EUR/USD Fundamentals

  • Tentative:  Spanish 10-year Bond Auction
  • 12:30 US Unemployment Claims. Exp. 349K
  • 14:00 US Philly Fed Manufacturing Index. Exp. 2.7 points
  • 14:00 US CB Leading Index. Exp. 0.1%
  • 14:30 US Natural Gas Storage. Exp. 35B
  • Day 1:  G20 Meetings
  • 16:00 US  FOMC Member Sarah Bloom Raskin  Speaks

For more events and lines, see the Euro to dollar forecast

EUR/USD Sentiment

  • Euro sinks on rate cut possibility: The euro pushed higher  on Tuesday, but it didn’t take much to bring it back down the next day.
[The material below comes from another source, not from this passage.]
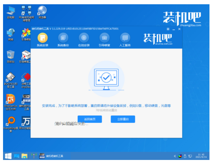 7、然后等待重装完成我们点击立即重启即可。

The markets reacted negatively to comments by ECB Governing Council member Jens Weidmann that the ECB could lower rates if economic and inflation data warranted such a move. The markets were also unnerved following the release of an IMF report that found that the Eurozone is the weakest part of the global economy, and called on the ECB to lower interest rates in order to boost economic growth. The IMF reduced its forecast of Eurozone growth in 2013  from 0.2% to -0.2%, and also downgraded its forecast of German growth from 0.9% to 0.6%.
  • Key US numbers point downward: US economic releases continue to disappoint the  markets, as Tuesday’s major events fell below expectations.  Building Permits dropped from 0.95 million  to 0.90 million, missing  the estimate of 0.94 million. Core CPI posted a weak gain of 0.1%, below the estimate of 0.2%. There was some good news from Housing Starts, which hit a multi-year high, improving to 1.04 million. This easily beat the  forecast of 0.93 million. The alarm bells may not have gone off just yet, but the continuing weak numbers are raising concerns about the extent of the US recovery. The markets will be hoping for a turnaround as the US releases additional key numbers on Thursday.
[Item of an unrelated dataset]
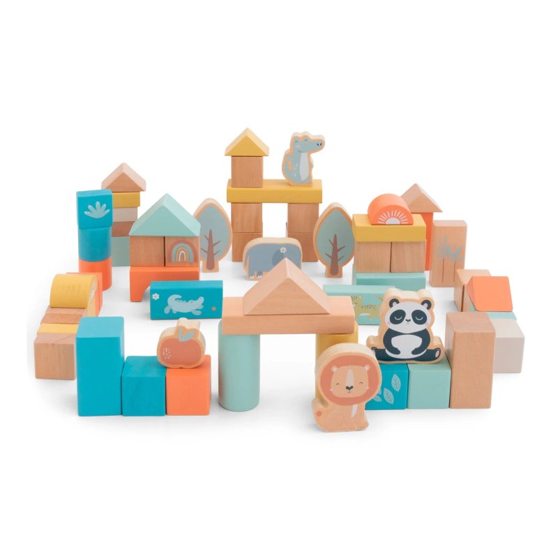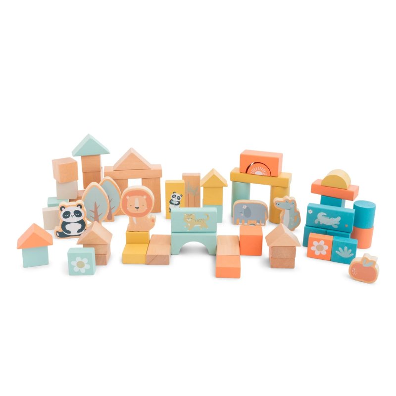 - drevené kocky v rôznych geometrických tvaroch a podobe zvieratiek

  • Cyprus  will get bailout, but problems remain:  The Cyprus bailout may not be grabbing the headlines, but the crisis is by no means behind us. Back in March, the EU and IMF agreed to provide EUR 10 billion, with Cyprus kicking in another EUR 7 billion. However, the original deal collapsed after Cyprus balked at taxing every bank deposit in the country, following a huge outcry on the island. The  EU has agreed to the bailout, but Cyprus must kick in EUR 13 billion. The country plans to raise these funds through a combination of taxes on uninsured depositors, tax rises and spending cuts. President  Nicos Anastasiades said he will ask the EU for more help, but it not clear if Cyprus is asking additional bailout funds or funds in another form. The bailout agreement calls for huge taxes on deposits over EUR 100,000. Deposits in the Bank of Cyprus will lose between 37.5% and 60%, while depositors in Laiki Bank, which will be winded down  could lose up to 80%. Under the bailout agreement, Cyprus must restructure its banking sector and impose austerity measures. Analysts estimate that the country’s GDP will be slashed by 13% in 2013 and 2014, which will pose serious challenges for the government.
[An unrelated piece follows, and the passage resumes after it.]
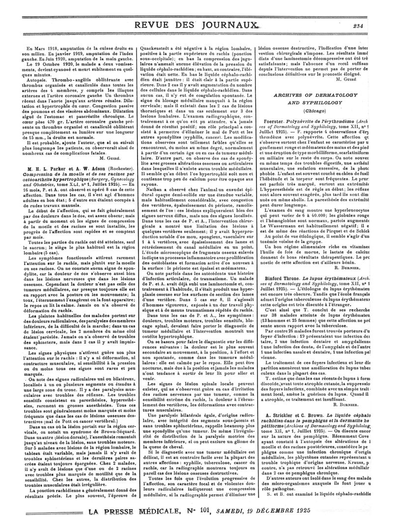 1925, Revue des journaux. -

  • Italy struggles with political impasse: Remember the Italian election back in February that failed to produce a clear winner? Well, unfortunately  not much has happened since, as Italy has been in a political crisis since then. Mario Monti remains head of a caretaker government, but has been unable to continue with badly-needed economic reforms due to the political impasse. Monti and center-left leader Pier Luigi Bersani are hoping to reach agreement choosing a successor to President Giorgio Napolitano, who will step down in May. The crisis in the Eurozone’s third largest economy could undermine the Eurozone, and the markets are hoping that the choosing of a new president will be the first step in establishing a new government.